Medical misadventure verdict in ectopic surgery death

Malak Thawley (34) died during an operation in the National Maternity Hospital

The late Malak Thawley with her husband, Alan. Mr Thawley said he has not lived a “single minute of his life” since her death. File photograph: Facebook

The late Malak Thawley with her husband, Alan. Mr Thawley said he has not lived a “single minute of his life” since her death. File photograph: Facebook

 

A coroner has returned a verdict of medical misadventure in the case of a woman who died during surgery for an ectopic pregnancy.

Malak Thawley (34) of Brusna Cottages, Blackrock, Co Dublin, died on May 8th, 2016, at the National Maternity Hospital (NMH) in Dublin. In a statement read out by his solicitor after the inquest, her husband, Alan Thawley, said he has not lived a “single minute of his life” since her death.

“I just wish I could return to my old life. The one where the love of my life was still alive and we were expecting our first child. My life after my wife’s death has been a never-ending nightmare,” he said.

“The morning of my wife’s death I was quite honestly in the happiest mood I had ever been in my life. My best friend, soulmate and love of my life was pregnant with our first child . . . It is utterly devastating how much a single event can destroy a person,” Mr Thawley said.

The final day of evidence at the inquest at Dublin Coroner’s Court heard that the second-year registrar conducting the surgery called for a senior consultant at 4.51pm after unexpected bleeding into the abdominal cavity was discovered. However, the source of bleeding was not identified until 5.44pm, following the arrival of vascular consultant Mary Barry from St Vincent’s hospital.

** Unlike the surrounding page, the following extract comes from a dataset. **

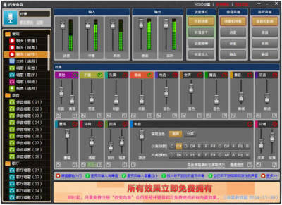 百变电音是一款针对电脑K歌所开发的专用机架效果器,软件集成KX效果和机架效果的高低音激励、模拟胆机、闪避效果、电话效果、变声效果、魔音效果、爆音效果、双音效果、震荡效果、环绕效果、电音效果、MC喊麦、主持等等,以上效果不但可以调节音色等参数,同时还可以任意组合,真正一键操作,效果轻松微调,无缝切换。让你K歌喊麦主持嗨翻天。

Ms Barry said she received a call at 5.18pm informing her that a vascular surgeon was required urgently at the NMH because “a patient was bleeding to death on the operating table”.

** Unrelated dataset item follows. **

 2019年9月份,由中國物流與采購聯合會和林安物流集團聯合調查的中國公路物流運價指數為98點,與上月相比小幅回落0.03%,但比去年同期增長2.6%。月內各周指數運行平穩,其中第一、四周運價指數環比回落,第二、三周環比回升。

She arrived at 5.35pm. There was no cardiac output when she arrived.

‘Completely collapsed’

“The patient was completely collapsed, with no cardiac output and no pulse,” Dr Barry said. Her first aim was to reinstate circulation and she commenced internal cardiac massage.

“At that point addressing the vascular injury was secondary,” Ms Barry said.

At 5.44pm she identified the source of the bleeding and repaired the tear to the aorta with stitches.

Dr Declan Keane, a consultant obstetrician and gynaecologist at the NMH, arrived at the hospital at 5.03pm. “The moment I saw the fallopian tube was intact, [not ruptured as suspected], I called the vascular team at St Vincent’s,” he said. Asked why he did not immediately put the vascular team on alert, due to the known risk of vascular injury, Dr Keane said he accepted he could have.

“But in 28 years I have not encountered that before,” he said.

Asked if the surgical instrument known as a trocar had gone too far in its initial insertion by the registrar, Dr Keane replied, “I think that is the likely cause.”

Asked if the use of an “unbladed trocar” was a safer option, Dr Keane replied that there is a move towards a “more direct entry, for safety purposes”.

“We are probably going to see more senior personnel coming in to carry out laparoscopies,” Dr Keane said.

He told the court that the risk of aortic injury was one in 1,000 cases and he had never seen such an eventuality before. A document aimed at promoting safety in relation to this kind of keyhole surgery is being drawn up, Dr Keane said.

Blood sample

The inquest heard that Mrs Thawley’s pre-operation blood sample was taken and stored in the fridge at 3pm. Medical scientist Ian McCarthy said the hospital operated an on-call weekend service whereby blood samples were not processed if blood products were not required. This has since changed. It took 45 minutes to identify Ms Thawley’s blood group following a request from the operating theatre at 4.56pm. There were 11 units of O negative blood, which can be used with any blood type, available in the hospital, four in the operating theatre and seven in the lab, the court heard.

From 5.42pm until 6.20pm there was no blood available in the lab, the court heard.

“There were times we had no blood products in the lab – I don’t know if they ran out in theatre,” Mr McCarthy said.

Staff continued emergency efforts to save her life, but Ms Thawley was pronounced dead at 7.57pm. The cause of death was a tear in the abdominal aorta during the course of surgery for an ectopic pregnancy.

NMH chairman Nicholas Kearns said a “robust internal review” had began the day after Ms Thawley’s death. “We know that nothing can bring Malak back. However, we are determined to continue to implement all that we have learned from this investigation in our clinical practice.”

He said the hospital apologised unreservedly for the shortcomings in Ms Thawley’s care.